I'm a huge believer in keeping old URLs working, so I didn't want to switch to a blogspot.com blog, or even move to blog.susansenator.com. Besides, Blogger had been seeming pretty creaky for a while, so I took the opportunity to try something better, namely Wordpress.

Creating the Wordpress blog was pretty simple. Our hosting provider offers one-click installation which worked great. Making a Wordpress theme can be a big undertaking, but not if you're just trying to mimic an existing simple blog layout. I downloaded a simple theme and started hacking away on it. The Wordpress docs are pretty good, definitely better than Blogger's, that's a recurring theme here.

Migrating all the content over was a bigger deal. Blogger offers a backup facility that gives you your entire blog as a giant XML file. Converting that to a Wordpress format was simple with blog converters. Included is blogger2wordpress, which turned my 16Mb Blogger XML file into a 12Mb Wordpress XML file.

Then Wordpress can import the XML file, but maximum size 2Mb, why? So I manually split the big XML file into 8 smaller XML files, which was tedious but not difficult. Importing each of them brought in all the old blog posts and comments. Nice. (For some reason, embedded YouTube videos are now just a URL in text, not sure why. If I had noticed that earlier I may have been able to do something about it.)

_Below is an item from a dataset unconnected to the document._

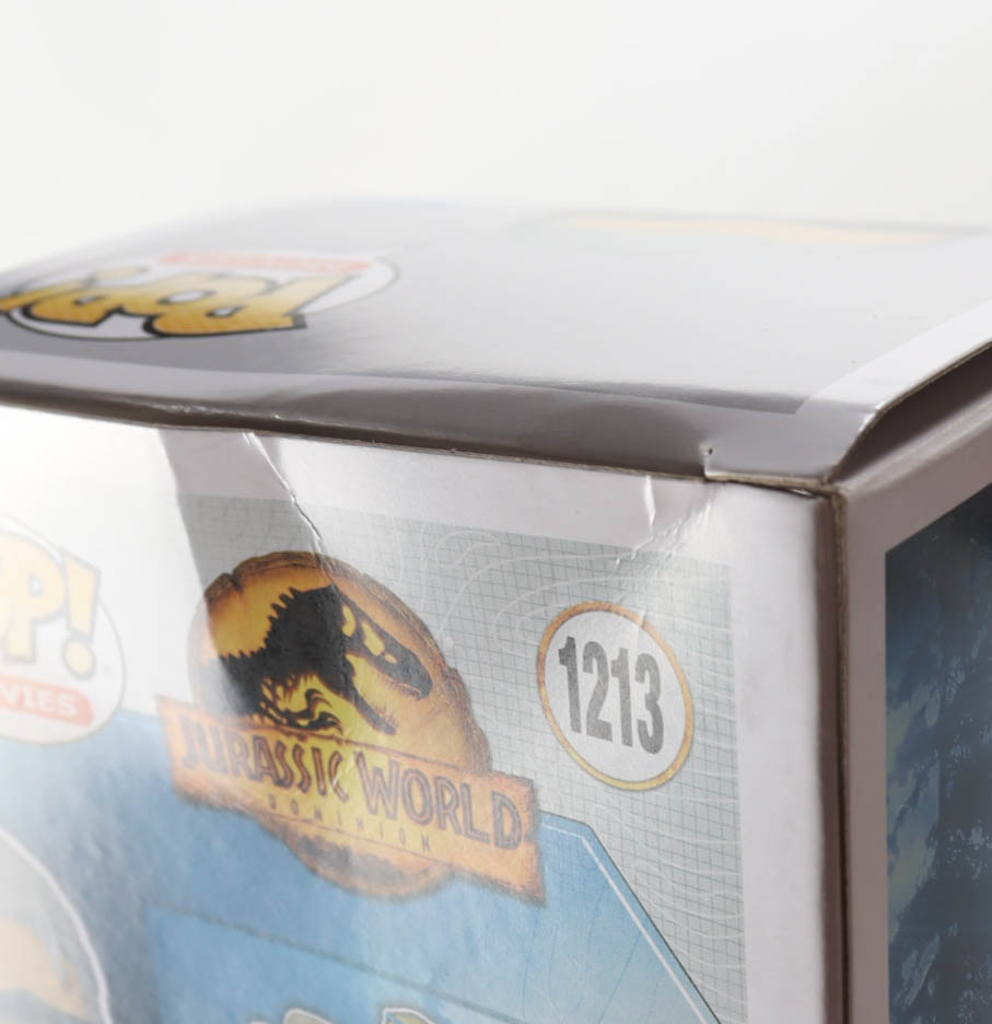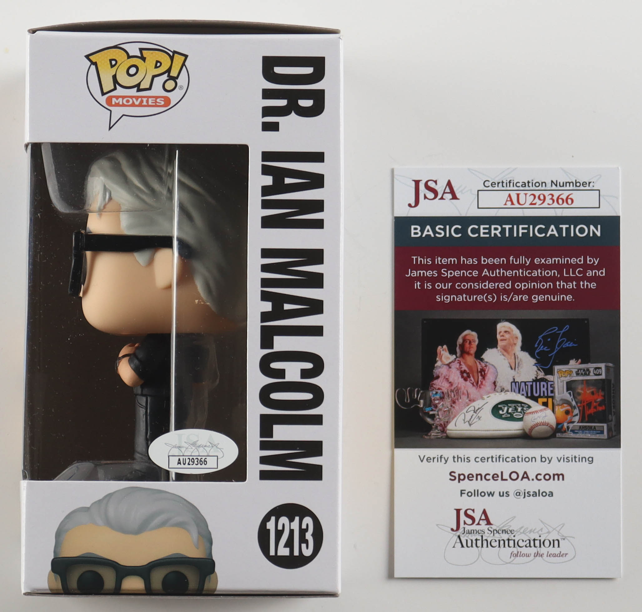 Funko Pop! figure measures approximately 4" tall. Hand-signed on the packaging by Jeff Goldblum. Please note the window has been swapped and the back of the packaging is dented in.

Now we have a Wordpress blog that works just like the Blogger blog did, except that everything has a different permalink than it did before. The first step to fix that is to change the permalink style Wordpress uses. It defaults to something horrendous like:

http://susansenator.com/blog/?p=123

Select "Month and name" under Permalink settings in the Wordpress installation. This makes Wordpress use nice URLs like:

http://susansenator.com/blog/2010/04/here-be-dragons/

Changing this setting will either add or require you to add a chunk of mod_rewrite rules to your Apache .htaccess file:

<IfModule mod_rewrite.c>
RewriteEngine On
RewriteBase /blog/
RewriteCond %{REQUEST_FILENAME} !-f
RewriteCond %{REQUEST_FILENAME} !-d
RewriteRule . /blog/index.php [L]
</IfModule>

But lots of other things are subtly different. Archive pages are named differently, Blogger had an index.html page for the blog, and so on. I manually added these rewrites to fix these issues:

# Blogger slugs have .html, wordpress does not.
RewriteRule ^blog/([0-9]{4})/([0-9]{2})/(.*)\.html?$ /blog/$1/$2/$3/ [R=301,L]

# Blogger archives are different.
RewriteRule ^blog/([0-9]{4})_([0-9]{2})_01_archive\.html /blog/$1/$2/ [R=301,L]

# Blogger feeds are now found at the wordpress feed
RewriteRule ^blog/atom.xml /blog/feed/ [R=301,L]
RewriteRule ^blog/rss.xml /blog/feed/ [R=301,L]

# Blogger had the old-style index.html.
RewriteRule ^blog/index.html /blog/ [R=301,L]

The thorniest problem, though, is that Blogger and Wordpress don't agree on how to turn a post title into a slug. Both lowercase the text and change spaces to dashes, but Wordpress includes every word, while Blogger leaves out "a" and "the", and maybe others.

The simplest way to solve the differing slug problem was to examine the wordpress.xml file. It had the title of the posts, and the Blogger slug, in the form of the post's permalink. I could determine which posts would have a new slug under Wordpress, and create a redirect for them.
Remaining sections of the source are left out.